━━━ Data provided
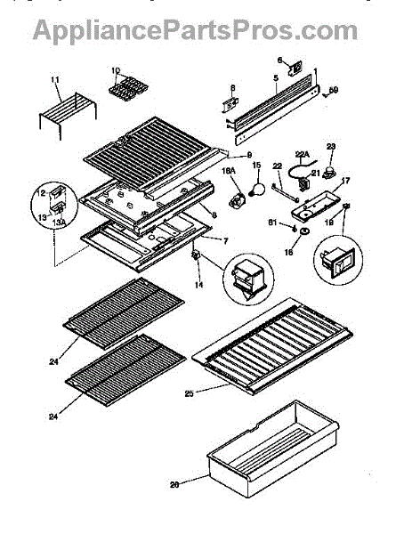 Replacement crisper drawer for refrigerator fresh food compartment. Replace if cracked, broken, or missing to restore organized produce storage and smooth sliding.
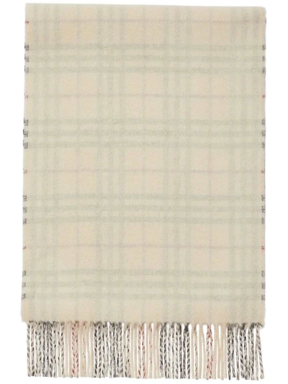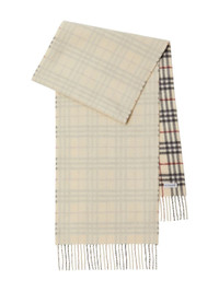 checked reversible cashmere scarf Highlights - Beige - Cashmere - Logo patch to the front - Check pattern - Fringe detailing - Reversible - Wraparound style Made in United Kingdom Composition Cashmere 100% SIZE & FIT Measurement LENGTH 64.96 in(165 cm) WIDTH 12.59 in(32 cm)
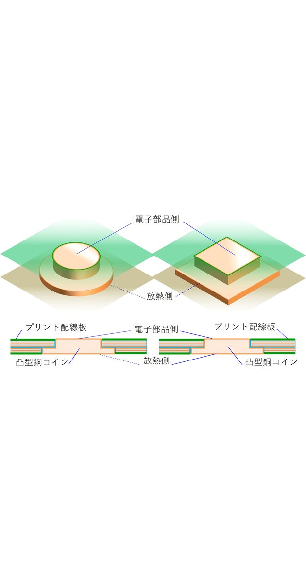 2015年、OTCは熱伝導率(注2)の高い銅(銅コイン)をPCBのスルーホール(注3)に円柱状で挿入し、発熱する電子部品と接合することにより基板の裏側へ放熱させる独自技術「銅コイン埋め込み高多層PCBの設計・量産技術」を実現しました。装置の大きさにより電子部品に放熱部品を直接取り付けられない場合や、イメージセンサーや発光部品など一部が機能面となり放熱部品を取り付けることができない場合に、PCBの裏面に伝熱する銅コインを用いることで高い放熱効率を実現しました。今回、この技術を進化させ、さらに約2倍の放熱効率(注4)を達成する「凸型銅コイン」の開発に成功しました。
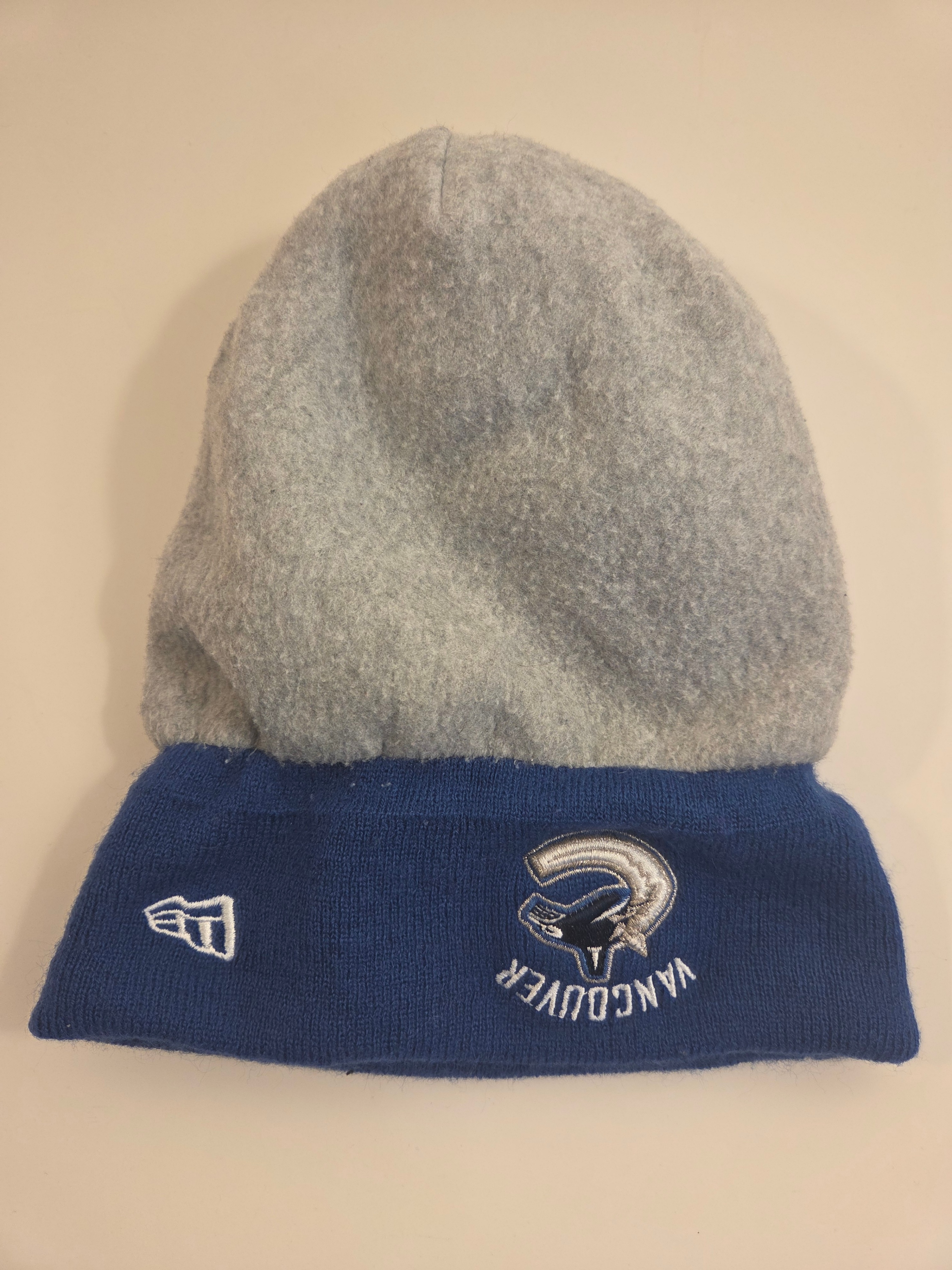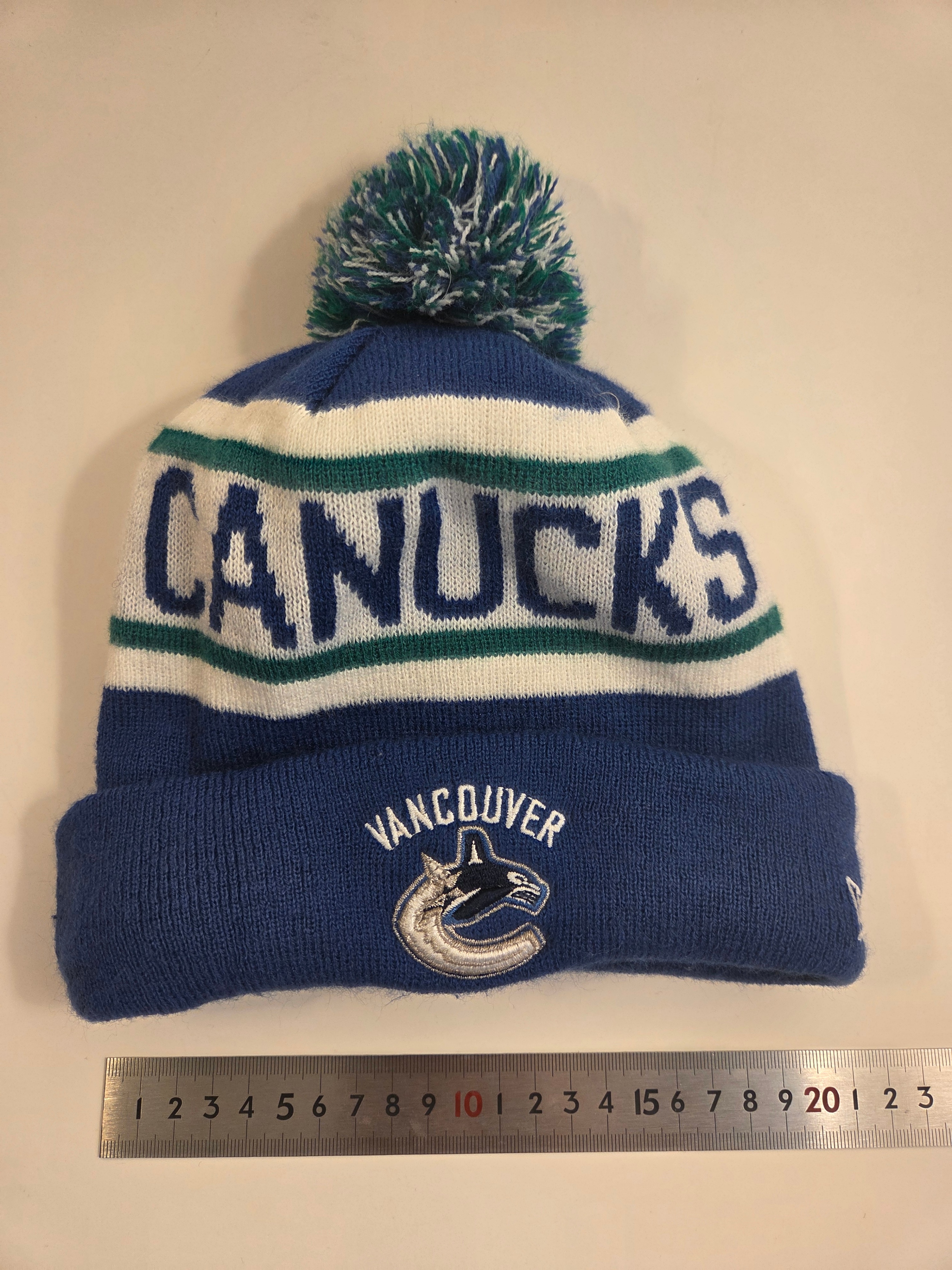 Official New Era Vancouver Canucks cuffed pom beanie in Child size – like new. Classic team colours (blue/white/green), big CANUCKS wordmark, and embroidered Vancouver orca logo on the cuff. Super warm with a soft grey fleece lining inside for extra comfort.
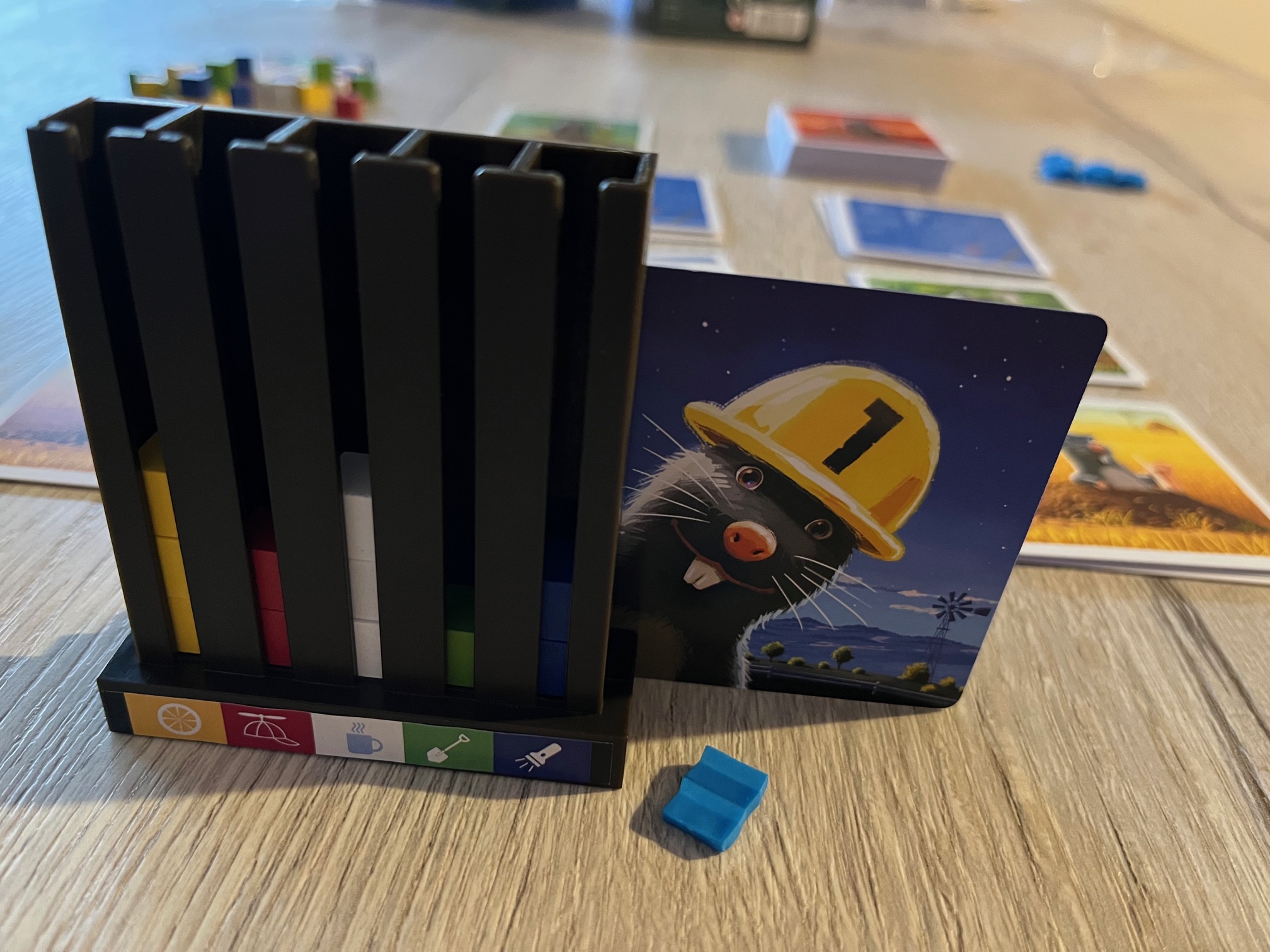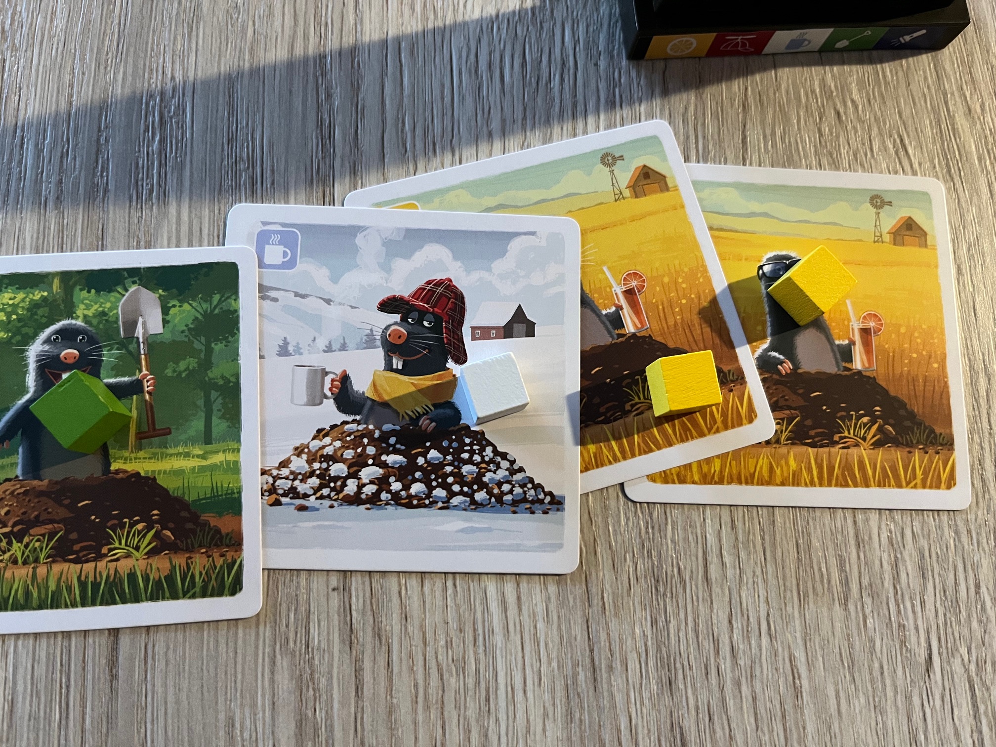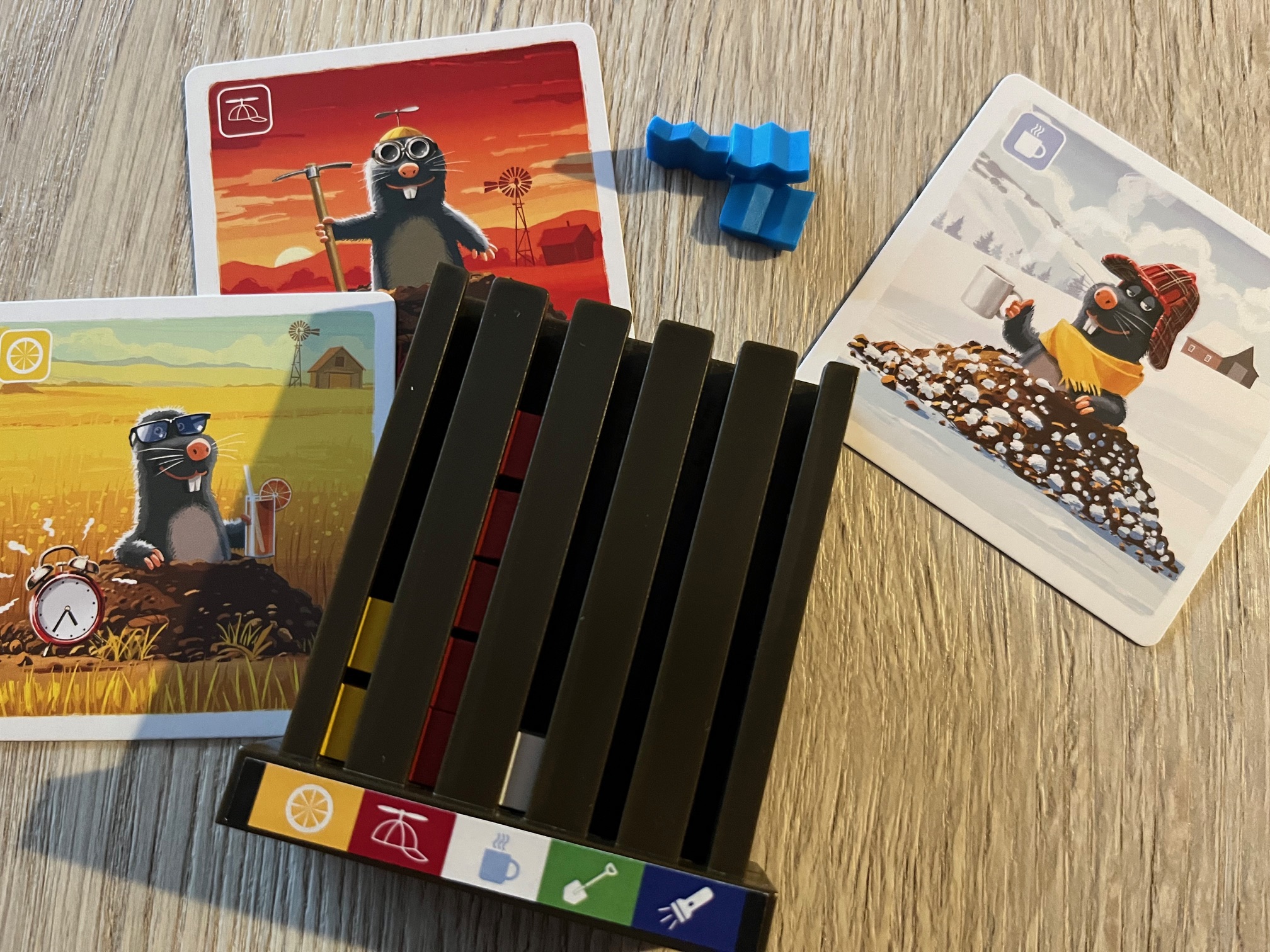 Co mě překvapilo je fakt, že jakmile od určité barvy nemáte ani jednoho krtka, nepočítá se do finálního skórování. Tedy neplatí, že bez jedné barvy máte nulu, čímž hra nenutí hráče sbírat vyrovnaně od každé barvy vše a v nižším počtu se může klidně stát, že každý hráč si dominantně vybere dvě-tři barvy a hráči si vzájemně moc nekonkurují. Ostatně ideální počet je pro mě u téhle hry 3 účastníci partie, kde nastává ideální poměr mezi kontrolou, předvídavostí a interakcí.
━━━━━━
What is expected:
Give back the whole listing as it stands, minus its pictures.

Answer below:
 Replacement crisper drawer for refrigerator fresh food compartment. Replace if cracked, broken, or missing to restore organized produce storage and smooth sliding.
 checked reversible cashmere scarf Highlights - Beige - Cashmere - Logo patch to the front - Check pattern - Fringe detailing - Reversible - Wraparound style Made in United Kingdom Composition Cashmere 100% SIZE & FIT Measurement LENGTH 64.96 in(165 cm) WIDTH 12.59 in(32 cm)
 2015年、OTCは熱伝導率(注2)の高い銅(銅コイン)をPCBのスルーホール(注3)に円柱状で挿入し、発熱する電子部品と接合することにより基板の裏側へ放熱させる独自技術「銅コイン埋め込み高多層PCBの設計・量産技術」を実現しました。装置の大きさにより電子部品に放熱部品を直接取り付けられない場合や、イメージセンサーや発光部品など一部が機能面となり放熱部品を取り付けることができない場合に、PCBの裏面に伝熱する銅コインを用いることで高い放熱効率を実現しました。今回、この技術を進化させ、さらに約2倍の放熱効率(注4)を達成する「凸型銅コイン」の開発に成功しました。
 Official New Era Vancouver Canucks cuffed pom beanie in Child size – like new. Classic team colours (blue/white/green), big CANUCKS wordmark, and embroidered Vancouver orca logo on the cuff. Super warm with a soft grey fleece lining inside for extra comfort.
 Co mě překvapilo je fakt, že jakmile od určité barvy nemáte ani jednoho krtka, nepočítá se do finálního skórování. Tedy neplatí, že bez jedné barvy máte nulu, čímž hra nenutí hráče sbírat vyrovnaně od každé barvy vše a v nižším počtu se může klidně stát, že každý hráč si dominantně vybere dvě-tři barvy a hráči si vzájemně moc nekonkurují. Ostatně ideální počet je pro mě u téhle hry 3 účastníci partie, kde nastává ideální poměr mezi kontrolou, předvídavostí a interakcí.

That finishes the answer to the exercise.